Methodology

How CVC thinks about vendor evidence, review layers, and ranking signals.

CVC is intended to separate platform-reviewed evidence, public-source context, and paid visibility. This page explains the principles behind that separation.

Platform-reviewed evidence

Site reviews are their own evidence layer.

Where approved site reviews exist, CVC may use them to create platform-reviewed scorecards, written review excerpts, and structured vendor context for shortlist decisions.

Public-source context

External review signals are tracked separately.

Online review summaries, platform references, and public-source signals can add context, but they are not the same thing as a platform-reviewed score.

No automatic endorsement

A vendor profile does not mean endorsement.

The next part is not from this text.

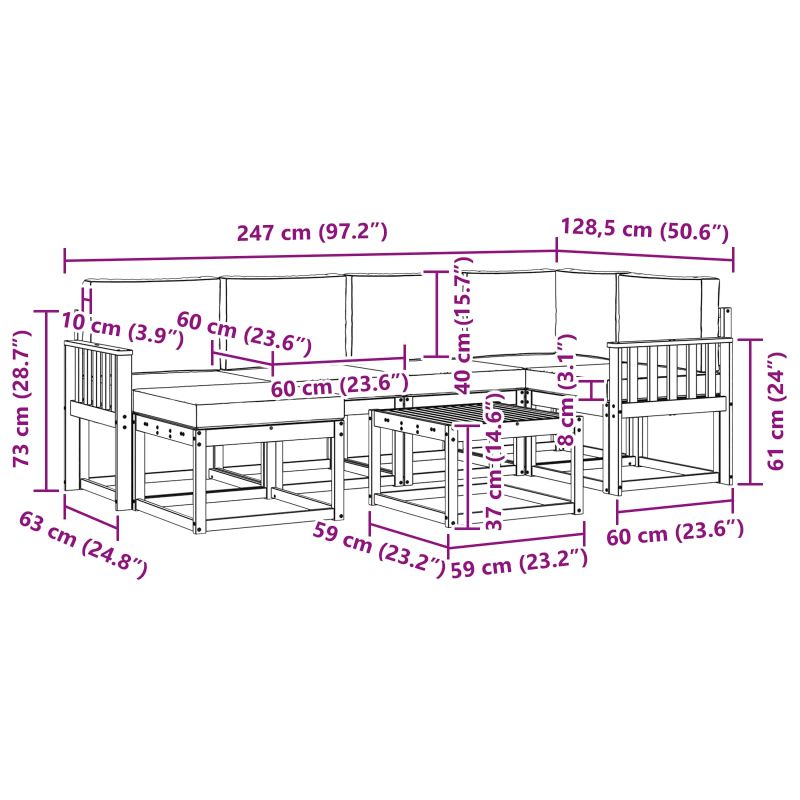 Този градински комплект съчетава стил и функционалност, превръщайки се в настояща атракция за всяка градина или тераса. С модерен дизайн, с ясни линии и минималистични детайли, той носи елегантност, която е идеална за комфорт и социални срещи на открито. Направен изцяло от масивна акациева дървесина, комплектът предлага дълготрайност и красив външен вид, което го прави перфектен за тези, които търсят практичност, комбинирана с изчистен дизайн. Издръжлив масивен акациев дървен материал: Направен от масивна акациева дървесина, този комплект е супер устойчив на всякакви условия навън и с надеждна конструкция за дълготрайност. Топлият естествен тон обогатява градината или терасата. Устойчив на времето дизайн: Лакираната му повърхност добавя допълнителна защита срещу слънце и дъжд. Полированный завършек запазва и вида, и функционалността, така че мебелите ще ви служат дълго. Компоненти и дизайн: Всеки елемент - от подлакътниците до облегалките - е проектиран с мисъл за стил и комфорт. Координираният дизайн предлага визуално приятно излъчване, подходящо за всякакви открити събития. Комфорт и многофункционалност: Гъвкавият модулен дизайн позволява различни конфигурации, идеални за всичко - от почивка до социални събирания. Този комплект лесно се адаптира към всякакви пространства. Лесна грижа и поддръжка: За да поддържате мебелите в отлично състояние, просто ги почиствайте с влажна кърпа и избягвайте груби химикали. Редовната поддръжка помага да запазите външния им вид и удължава живота.
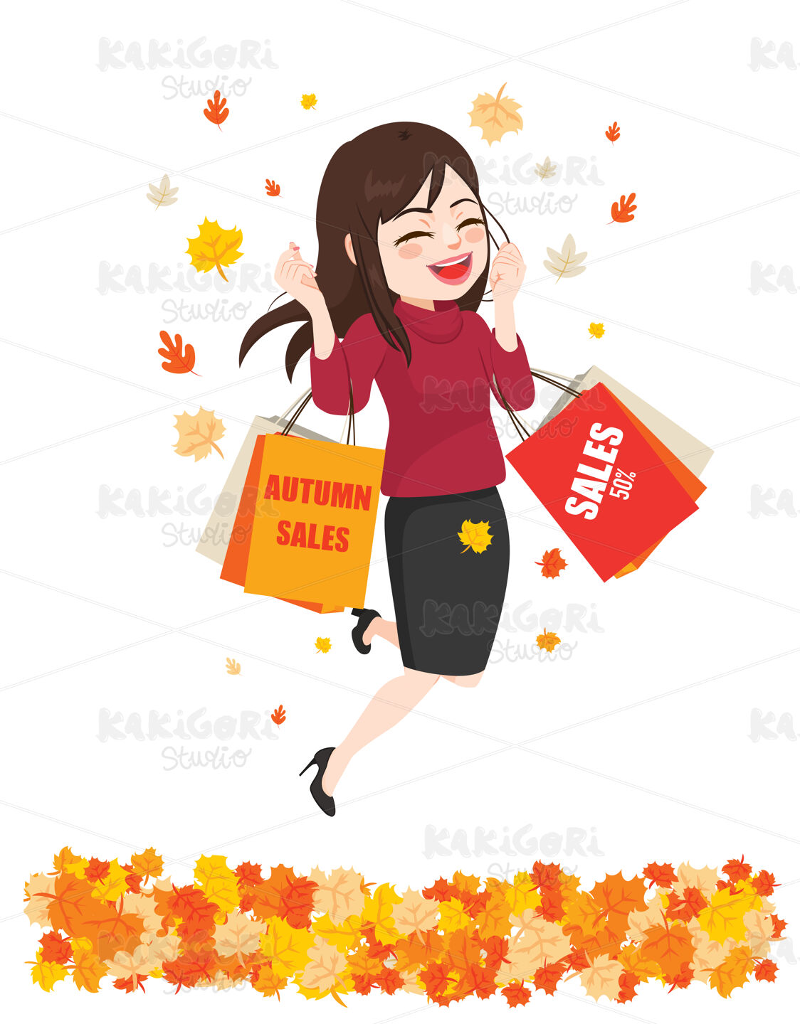 / Happy Woman Autumn Sales Shopping Clipart Vector Illustration 05109

Profiles may exist before any platform-reviewed score is available.

TBC states

Where CVC does not yet have enough approved site-review evidence, score surfaces should remain marked as TBC rather than implying unsupported certainty.

Written reviews

Written reviews should be moderated, attributed according to reviewer-visibility rules, and displayed only after approval.

Criteria scores

Where scorecards are shown, they should reflect approved site-review data and clearly communicate that they are platform-reviewed rather than scraped public sentiment.

Paid visibility

Sponsored placement, subscription, or managed support should be labelled and should not be represented as neutral ranking evidence.

Human judgement

CVC may use structured data, public-source context, and moderation workflows, but key review, takedown, and trust decisions may still involve human judgement.